Поначалу ему показалось, что любой турист, идущий по дорожке, ведущей от входа к собору, заметит, что тут копали. И до окончания своей смены Бисмарк жил с этим страхом. Однако уже сдав смену в восемь утра, он специально прошелся до закрытых главных ворот и внимательно посмотрел оттуда на место ночного раскопа. При ярком утреннем свете определить оттуда, где выкапывали яму, он не смог. И, успокоившись, отправился к боковому служебному входу, поправляя висевшую на плече сумку с продолговатой, покрытой окаменевшей глиной находкой. Вышел на Владимирскую и поспешил в сторону оперного театра.

Глава 4

«Хроника рыцаря Ольгерда», без которой трудно понять то, что произойдет много позже

«Теперь наши завалили ров хворостом и камышом, потом перетащили через ров три башни и поставили их у самых стен. Лучники, прячась за забралами, сеяли смерть в рядах сарацин. На Елеонской горе были установлены зеркала, которыми передавались сигналы, чтобы одновременно начинать штурм из разных мест. В полдень в пятницу 15-го башня, на которой находился Готфрид, выстреливая из арбалета стрелы одну за другой, наконец приблизилась вплотную к стене. Франки перебросили на край стены мостики, и два брата-рыцаря первыми спрыгнули на нее, за ними соскочил Готфрид. Все трое потом клялись, что своими глазами видели, как рядом с ними бьется покойный епископ Адемар. Он снова сотворил чудо, потому что подсказал нашим, как открыть изнутри Дамасские ворота, в которые тут же ворвался Танкред со своими нормандцами и бросился в атаку узкими улочками Иерусалима. Вместе с Танкредом побежали и мы, рубя врага без устали и без жалости.

С юга, от горы Сион, наступал Раймунд Тулузский и скоро загнал наместника сарацин вместе с воинами в Цитадель и заставил сдаться в обмен на обещание сохранить жизнь ему и его людям. Тем временем остальные защитники, спасаясь от Танкреда, побежали на Храмовую гору.

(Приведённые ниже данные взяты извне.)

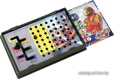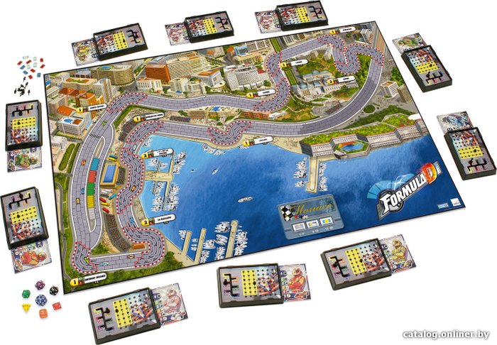 - Комплектация - 2 игровых поля (двухстороннее): с изображением кольцевой трассы Монако с одной стороны и ночной город с другой- 6 кубиков, обозначающих 6 передач болида- 1 чёрный кубик- 10 болидов Формулы 1 пяти цветов (для пяти команд)- 10 приборных панелей- 10 рычагов переключений передач- 70 маркеров для отметки Очков Прочности- правила игры на русском языке отдельно- коробка

Сарацины заперли ворота на Храмовой горе и попытались защищаться, но воины Танкреда пробились на священную храмовую площадь, забитую толпой простолюдинов.

Не знаю, то ли голод и жажда, то ли жара и те посушливые ветры сделали из нас безжалостных исчадий ада, но бойня продолжалась еще несколько часов. Франки, генуэзцы, нормандцы, фламандцы и мы, грешные русины, обезумевшие от ярости, убивали всех, кто только случался под руку, отрубая головы, руки, ноги, даже те руки, что молили о милосердии. Кровь врагов нас пьянила, мы утопали в ней, рубя не только вооруженных врагов, но и простолюдинов, не пропуская ни женщин, ни детей, вырывая младенцев из рук матерей и разбивая их о стены. Все вокруг нас падали замертво, а мы скользили в той крови, иногда падали, но тут же снова вскакивали на ноги и продолжали свою жатву.

 

Некоторые так увлеклись, что не убивали сразу, а обрезали несчастных, как деревья, по частям. Другие разожгли большой костер, подлив в него черной смолы, и в тот костер живьем бросали людей, а когда живых рядом не оказывалось, то бросали и мертвых.

– Зачем их сжигают? – спросил я у одного рыцаря, а тот объяснил:

– На это есть причина: многие из них глотали золотые монеты. Когда трупы сгорят, золото можно будет легко добыть. Это намного удобнее, чем вспарывать животы и копаться в мясе. Разве нет? – И рассмеялся, добавив: – После этой бойни другие города поймут, что сопротивляться нам – это быть обреченными на смерть!

Вонь паленого тела заклубилась над головами. Улицы покрылись кучами отрубленных голов, рук и ног. Так, что даже ходить, не спотыкаясь об эти конечности и головы, было затруднительно. Евреи, спрятавшиеся в синагогах, сгорели заживо.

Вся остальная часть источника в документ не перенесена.